## ACTIVITY
Among the entries below, which lines run from the line with "Ankauf von Goldschmuck" through the line with "Het nog te bouwen"? Retype those, both ends included, exactly and without pictures.

(Data items)
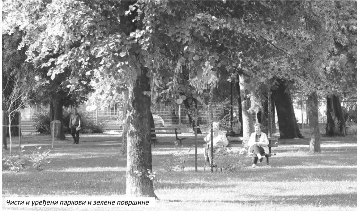
Чисти и уређени паркови и зелене површине
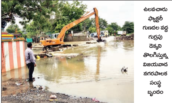
ఉలవచారు ఫ్యాక్టరీ గుండల వద్ద గుర్రపు దెక్కని తొలగిస్తున్న విజయవాడ నగరపాలక సంస్థ బృందం
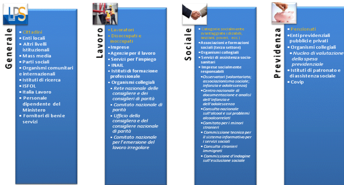
Figura 3 – Principali stakeholder distinti per settore

Le relazioni con questi soggetti assumono molteplici caratteristiche e differenti livelli di intensità. Di seguito si riporta una sintesi - non esaustiva - delle varie tipologie di relazioni tra la struttura ministeriale ed i soggetti esterni comprende:
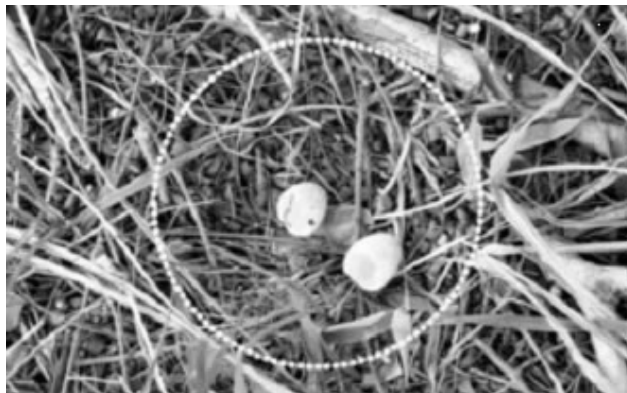
Figura 1. Ninho de Nyctidromus albicollis estudado no ano de 2005 em Seropédica, RJ.
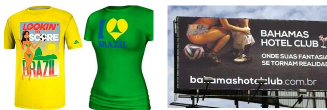
Exemples de publicité sexiste et machiste diffusée durant le Mondial.

La mise en question de la transformation des femmes en objet, transmise par la publicité sexiste pour la vente de biens ainsi que la promotion du tourisme pour la consommation sexuelle des hommes, ont été un axe fondamental des débats et actions que la MMF au Brésil a développé les derniers mois pendant le championnat de football, fini le 13 juillet.
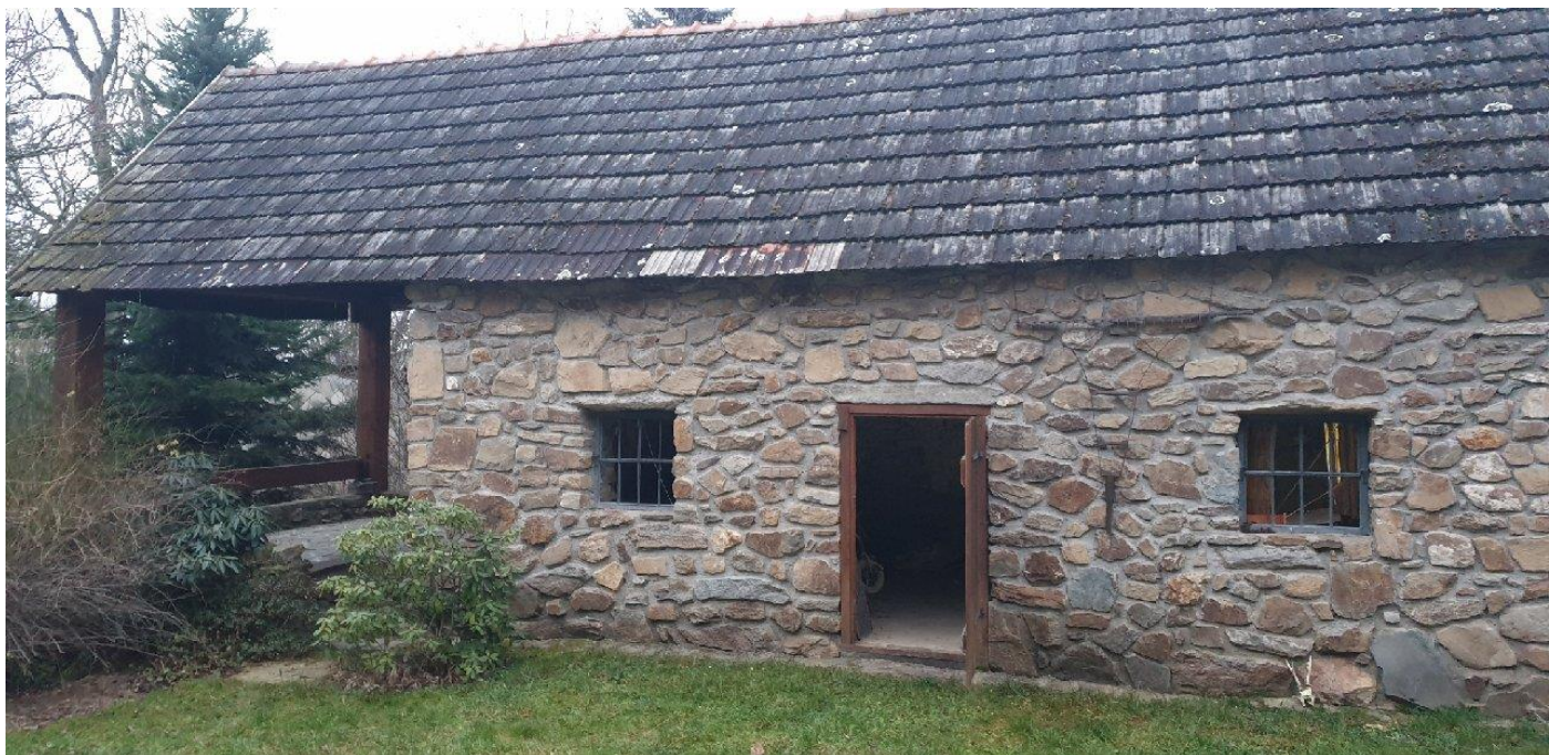
Boční pohled na domek. Realizace bude v levé části.
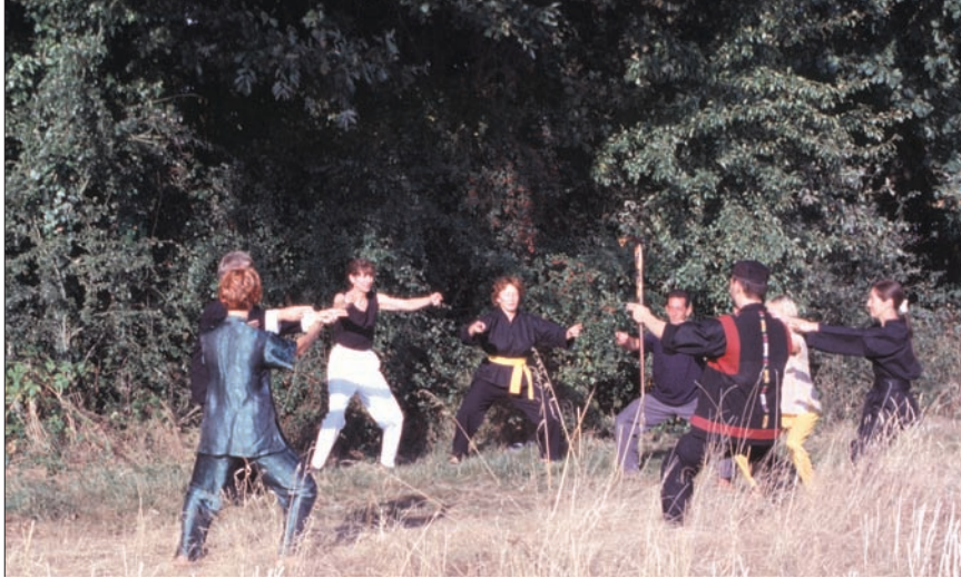
La pratique en cercle sacré permet de protéger le groupe des énergies perverses

ivrait, jusqu'au jour où, aveuglé par le désir, il ne vit le ravin au fond de la forêt et y tomba mortellement blessé. Mais avant de rendre son dernier soupir, il se blottit et lécha son poitrail et découvrit que l'odeur si agréable qui lui fit perdre la raison, venait de lui-même". Ainsi, comme le chevreau, l'homme court vers l'extérieur, alors que ce qu'il cherche se trouve à l'intérieur. Cela est vide et plein en même temps, c'est le Tao. Lorsque l'homme aura compris cela, non pas avec son mental mais avec son cœur, celui-ci, telle une rose, s'épanouira et laissera apparaître l'esprit du Tao dans l'intégralité de son être.
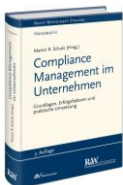
Compliance Management im Unternehmen Ladenpreis: 184,10EUR
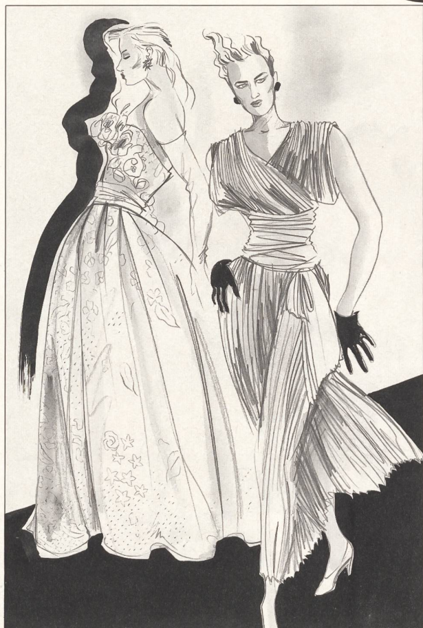
N I N A R I C C I
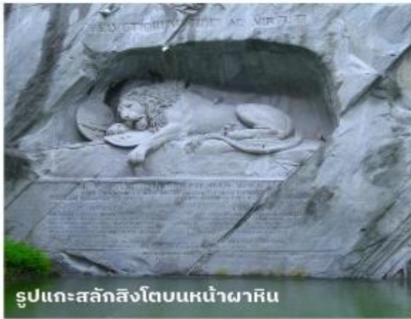
รูปแกะสลักสิงโตบนหน้าผาหิน

อาหารเช้า : ✓ อาหารกลางวัน : ✓ อาหารเย็น : ✓
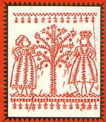
Русский народный свадебный обряд

Как по обрядам русичей начиналась семейная жизнь молодых? Сейчас мало кто помнит, что в мифах седой старины это торжество символизировало небесный брак Месяца и Солнца. Причем Месяц выступал в роли жениха, а Солнце - невесты. С другой стороны, в обрядах свадьбы отражена мысль о плодородии природы и продолжения рода. В память о солнечных культах невесты украшали свой наряд красными лентами. Кроме того, красный цвет считался цветом очистительной магии, хранил невесту от сглаза и колдовских чар. Обычай обмениваться обручальными кольцами тоже возник задолго до христианства. Кольцо - языческий знак Солнца. Древние римляне, германцы, славяне, индусы тоже обменивались кольцами на свадебных церемониях.
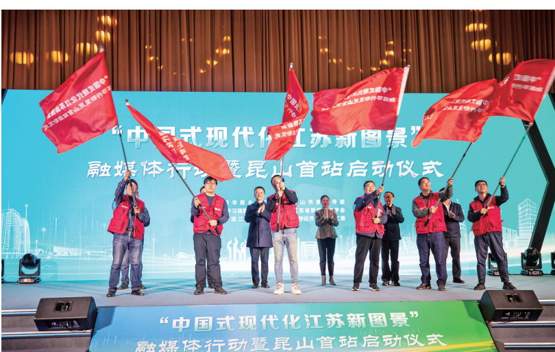
昨天下午,“中国式现代化江苏新图景”融媒体体行动暨昆山首站启动仪式在昆山国际会议中心举行,来自全省30多家主流媒体参与此项活动。记者将走进城乡社区、田间地头、企业园区、高等院校等基层一线,用镜头记录推进中国式现代化的新实践,全景式呈现出正在江苏大地上徐徐展开的一幅幅奋进新征程、阔步现代化的壮丽图景。图为当天启动仪式现场。

陈冬、刘洋、蔡旭哲同志是不忘初心、牢记使命、献身崇高事业的时代先锋,是探索宇宙、筑梦太空、建设航天强国的标兵模范。党中央号召,全党全军全国各族人民要以习近平新时代中国特色社会主义思想为指导,全面学习、全面把握、全面落实党的二十大精神,以受到褒奖的航天员为榜样,紧密团结在以习近平同志为核心的党中央周围,深刻领悟“两个确立”的决定性意义,增强“四个意识”、坚定“四个自信”、做到“两个维护”,坚定信心、同心同德,埋头苦干、奋勇前进,大力弘扬“两弹一星”精神和载人航天精神,为全面建设社会主义现代化国家、全面推进中华民族伟大复兴作出新贡献!
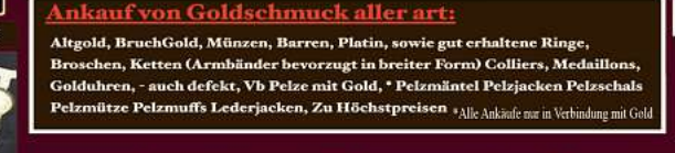
Ankauf von Goldschmuck aller Art:

Altgold, Bruchgold, Münzen, Barren, Platin, sowie gut erhaltene Ringe, Broschen, Ketten (Armbänder bevorzugt in breiter Form) Colliers, Medaillons, Golduhren, - auch defekt, Vb Pelze mit Gold, * Pelzmäntel Pelzjacken Pelzschals Pelzmütze Pelzmuffs Lederjacken, Zu Höchstpreisen *Alle Ankäufe nur in Verbindung mit Gold
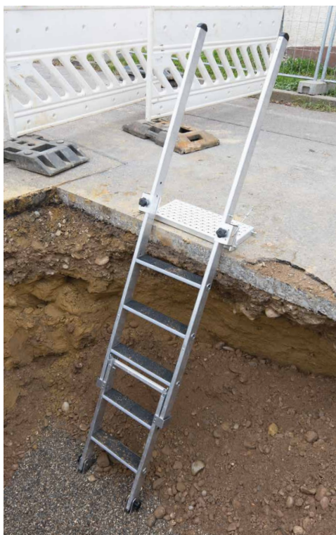
Abb. Bestell-Nr. 12040 mit 12042
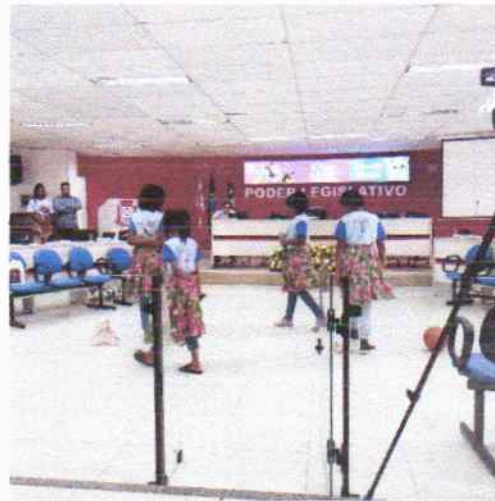
APRESENTAÇÃO DO CORDEL
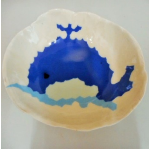
親子で『アイス皿』をつくろう
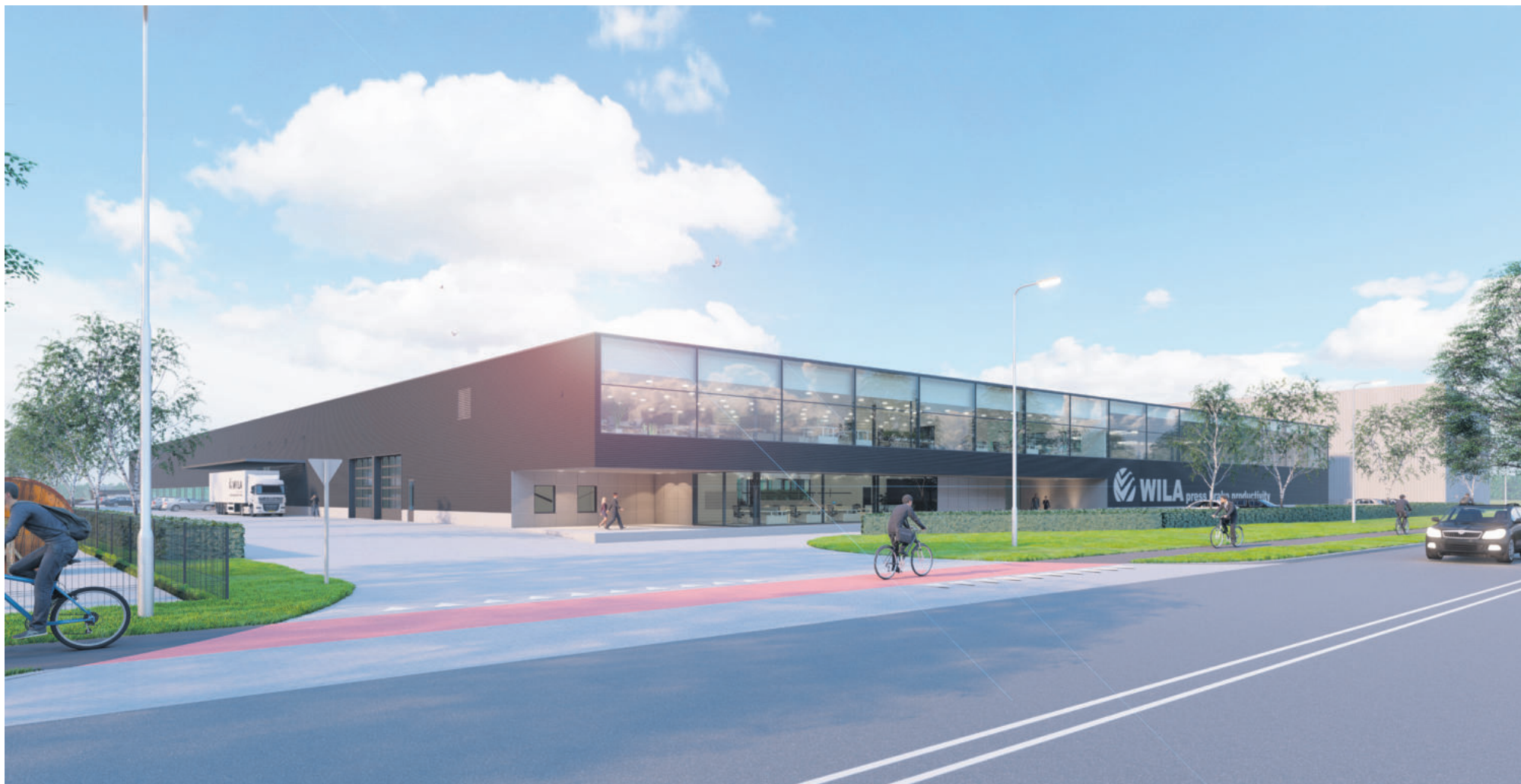
Het nog te bouwen pand aan de Kwinkweerd in Lochem dat 'de Tool' gaat heten. Artist impression: Maas Architecten Lochem

LOCHEM - Wila Press Brake Productivity uit Lochem is wereldwijd bekend als leverancier van kantpersgereedschap en -houders. Sinds 2012 maakt het bedrijf een enorme groei door. In dat jaar werkten 200 mensen bij Wila. Anno 2019 zijn dat er 400. Het managen van die onstuimige groei is een klus op zich.
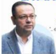
GERMÁN MARTÍNEZ CÁZARES EXDIRECTOR DEL IMSS

"... en el IMSS hay injerencias de SHCP con esencia neoliberal ahorros, recortes de personal..."
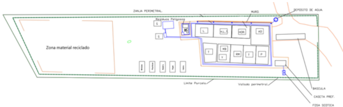
Figura 2: Distribución

Los residuos no peligrosos gestionados en la planta de almacenamiento y gestión de RCD objeto de este informe se corresponden con los siguientes códigos LER:
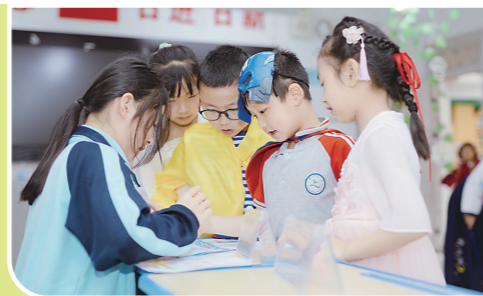
玩中思。 孩子们在玩中学
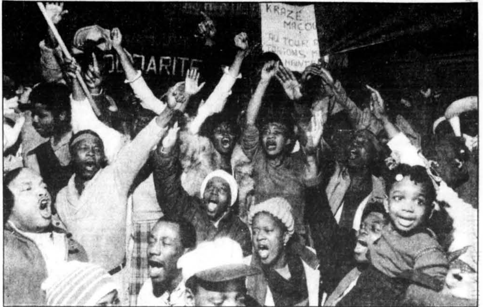
Une foule en liesse fêtait, hier dans les rues de Montréal, la délivrance d'Haïti.

Chacun pouvait avoir ses confidences, mais l'heure était à la danse et aux chants scandés en créole. Chants, danses et réjouissances se sont poursuivies à la Maison d'Haïti où une autre fête

## EXERCISE ANSWER
Ankauf von Goldschmuck aller Art:

Altgold, Bruchgold, Münzen, Barren, Platin, sowie gut erhaltene Ringe, Broschen, Ketten (Armbänder bevorzugt in breiter Form) Colliers, Medaillons, Golduhren, - auch defekt, Vb Pelze mit Gold, * Pelzmäntel Pelzjacken Pelzschals Pelzmütze Pelzmuffs Lederjacken, Zu Höchstpreisen *Alle Ankäufe nur in Verbindung mit Gold
Abb. Bestell-Nr. 12040 mit 12042
APRESENTAÇÃO DO CORDEL
親子で『アイス皿』をつくろう
Het nog te bouwen pand aan de Kwinkweerd in Lochem dat 'de Tool' gaat heten. Artist impression: Maas Architecten Lochem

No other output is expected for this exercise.